### Records from a data collection:
———
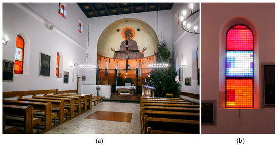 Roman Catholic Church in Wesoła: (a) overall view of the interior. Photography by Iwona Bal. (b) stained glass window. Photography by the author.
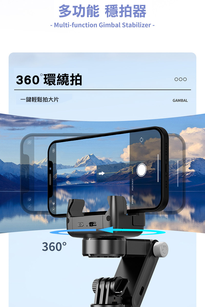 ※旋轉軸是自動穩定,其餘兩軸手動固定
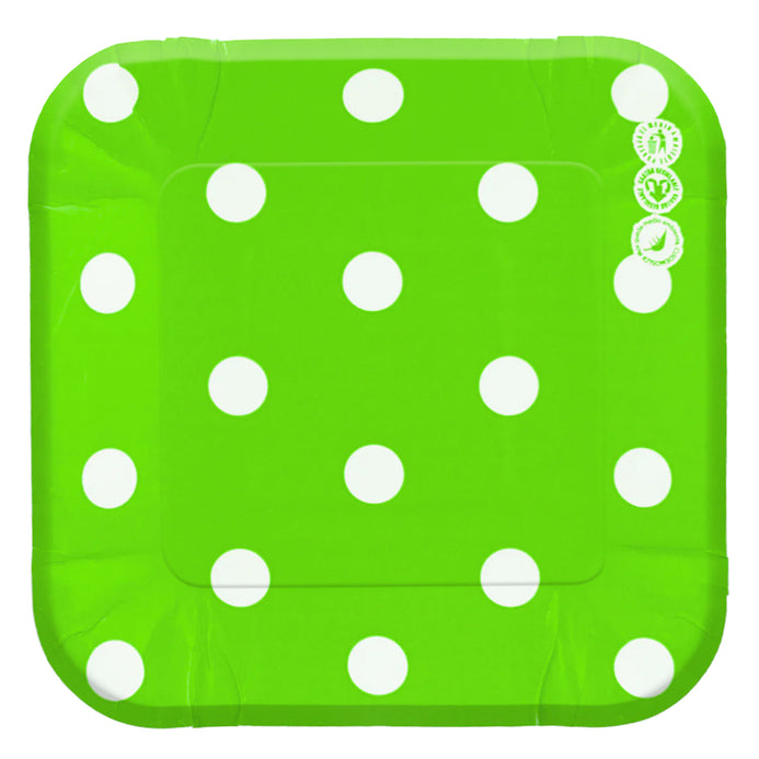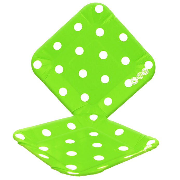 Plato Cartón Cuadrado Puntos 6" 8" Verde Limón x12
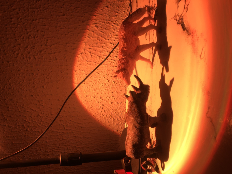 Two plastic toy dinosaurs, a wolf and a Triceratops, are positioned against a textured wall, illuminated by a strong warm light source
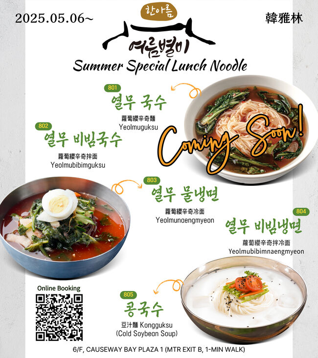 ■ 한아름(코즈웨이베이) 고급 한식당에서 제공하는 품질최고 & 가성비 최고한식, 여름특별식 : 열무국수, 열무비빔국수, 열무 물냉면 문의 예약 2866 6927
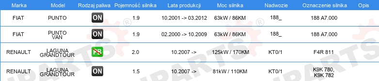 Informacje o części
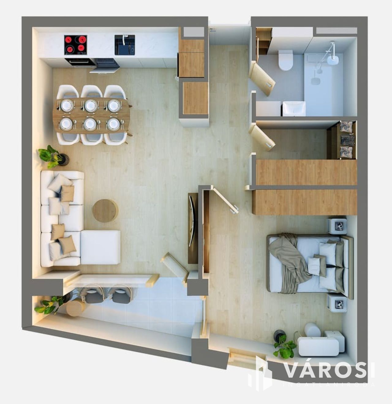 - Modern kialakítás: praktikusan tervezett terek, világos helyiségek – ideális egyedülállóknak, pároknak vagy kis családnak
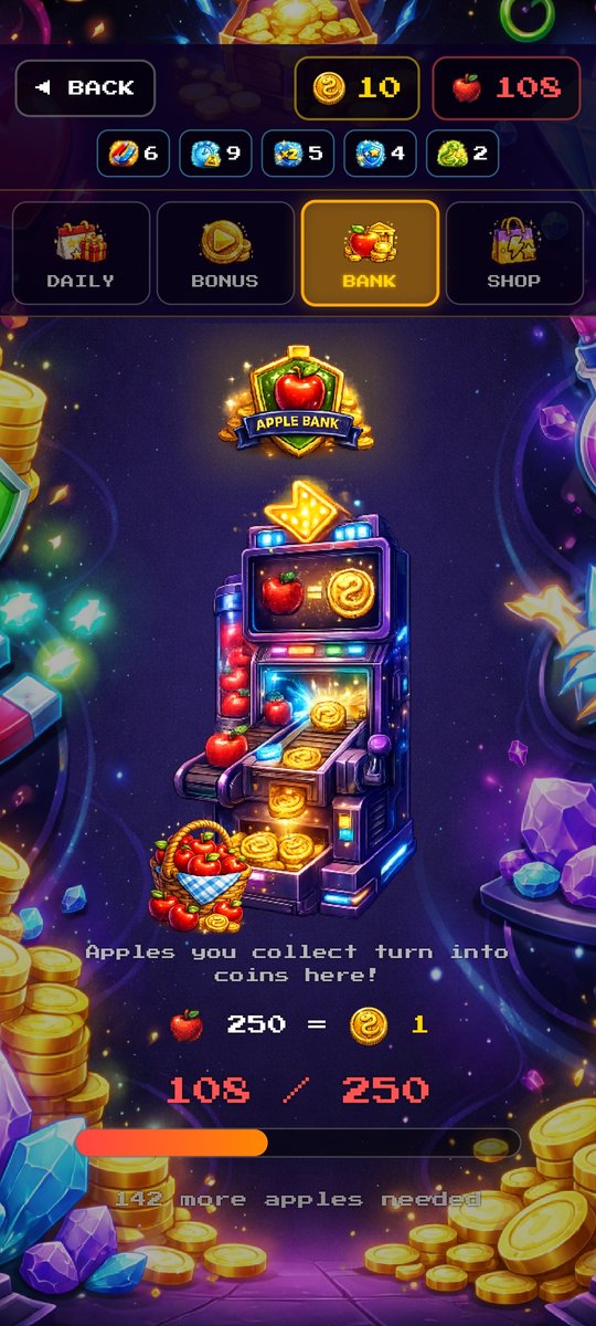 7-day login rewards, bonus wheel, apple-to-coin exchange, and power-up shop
———
### Work to complete:
Can you quote exactly, and only, the lines from the one containing "예약 2866 6927" through the last line of the records above, keeping both ends and leaving out any pictures?

### Reply to the exercise:
 ■ 한아름(코즈웨이베이) 고급 한식당에서 제공하는 품질최고 & 가성비 최고한식, 여름특별식 : 열무국수, 열무비빔국수, 열무 물냉면 문의 예약 2866 6927
 Informacje o części
 - Modern kialakítás: praktikusan tervezett terek, világos helyiségek – ideális egyedülállóknak, pároknak vagy kis családnak
 7-day login rewards, bonus wheel, apple-to-coin exchange, and power-up shop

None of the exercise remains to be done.